The method also has the following characteristics: the time parameter of the IP address is the ratio of the time of the IP address accessing the dangerous url_pattern to the time of the IP address performing all access operation in a second preset time period;
and/or the number of the groups of groups,
and the page browsing parameter of the IP address is the ratio of the number of times the IP address accesses the dangerous url_pattern to the number of times the IP address performs all page browsing within a second preset time period.
The present invention provides a system for marking a sample, comprising: the acquisition unit is used for acquiring the page browsing quantity of each url_pattern in a first preset time period and the number of the IP addresses subjected to the de-duplication of the url_pattern;
the calculation unit is used for determining dangerous url_pattern according to the page browsing quantity corresponding to each url_pattern and the number of the IP addresses after duplication removal;
the acquiring unit is further configured to acquire a time parameter and a page browsing parameter for accessing the IP address of each dangerous url_pattern in a second preset time period;
the computing unit is further configured to determine an IP address where abnormal access occurs according to the time parameter and the page browsing parameter corresponding to each dangerous url_pattern;
and the marking unit is used for marking the IP address with abnormal access as a positive sample.
The system also has the following characteristics: the computing unit is further configured to compute an attacked parameter of each url_pattern according to the page browsing amount corresponding to each url_pattern and the number of IP addresses after duplication removal;
and determining the dangerous url_pattern according to the attacked parameters of the url_pattern.
The system also has the following characteristics: the calculating unit is further configured to calculate a ratio between the page browsing amount corresponding to the url_pattern and the number of IP addresses after de-duplication corresponding to the url_pattern, and use the ratio as an attacked parameter of the url_pattern.
The system also has the following characteristics: the computing unit is further configured to rank all the computed attacked parameters of the url_pattern according to a numerical order from large to small, and determine that the attacked parameters are ranked in the url_pattern of the first N number, as the dangerous url_pattern;
or alternatively, the process may be performed,
and the method is also used for determining the url_pattern corresponding to the attacked parameter value with the value larger than or equal to a first preset value as the dangerous url_pattern in all the calculated attacked parameters of the url_pattern.

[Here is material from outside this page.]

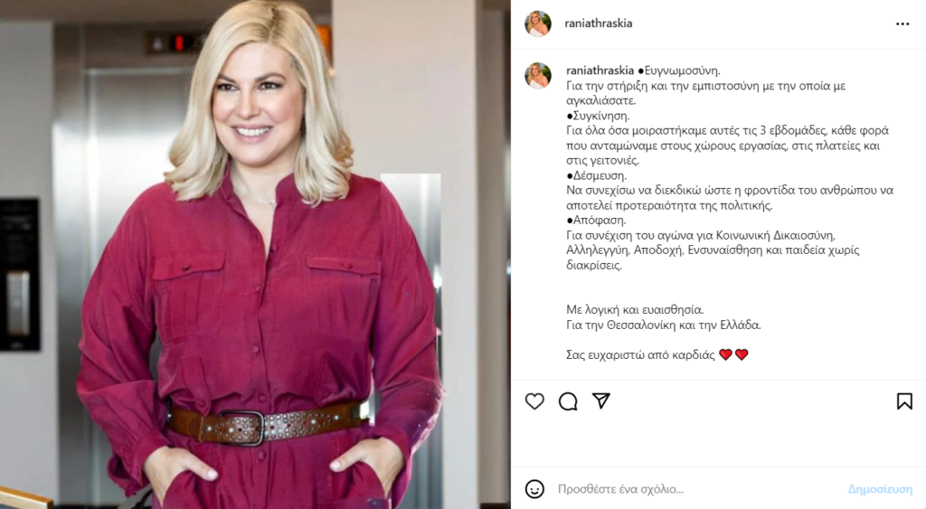 Μάλιστα, σε ανάρτηση της στον προσωπικό της λογαριασμό στο Instagram, η Ράνια Θρασκιά θέλησε να ευχαριστήσει όσους την στήριξαν.

The system also has the following characteristics: the computing unit is further configured to determine, as an IP address where abnormal access occurs, an IP address where the time parameter is greater than or equal to a second preset value and the page browsing parameter is greater than or equal to a third preset value.
The system also has the following characteristics: the time parameter of the IP address is the ratio of the time of the IP address accessing the dangerous url_pattern to the time of the IP address performing all access operation in a second preset time period;
and/or the number of the groups of groups,
and the page browsing parameter of the IP address is the ratio of the number of times the IP address accesses the dangerous url_pattern to the number of times the IP address performs all page browsing within a second preset time period.
The transmission device provided by the invention comprises: a transceiver, a memory, a processor;
the transceiver is used for receiving and transmitting messages;
the memory is used for storing instructions and data;
the processor is configured to read the instructions and data stored in the memory to perform the method of marking samples as described above.
The invention also provides a computer readable storage medium having stored thereon a computer program which when executed by a processor implements a method of marking a sample as described above.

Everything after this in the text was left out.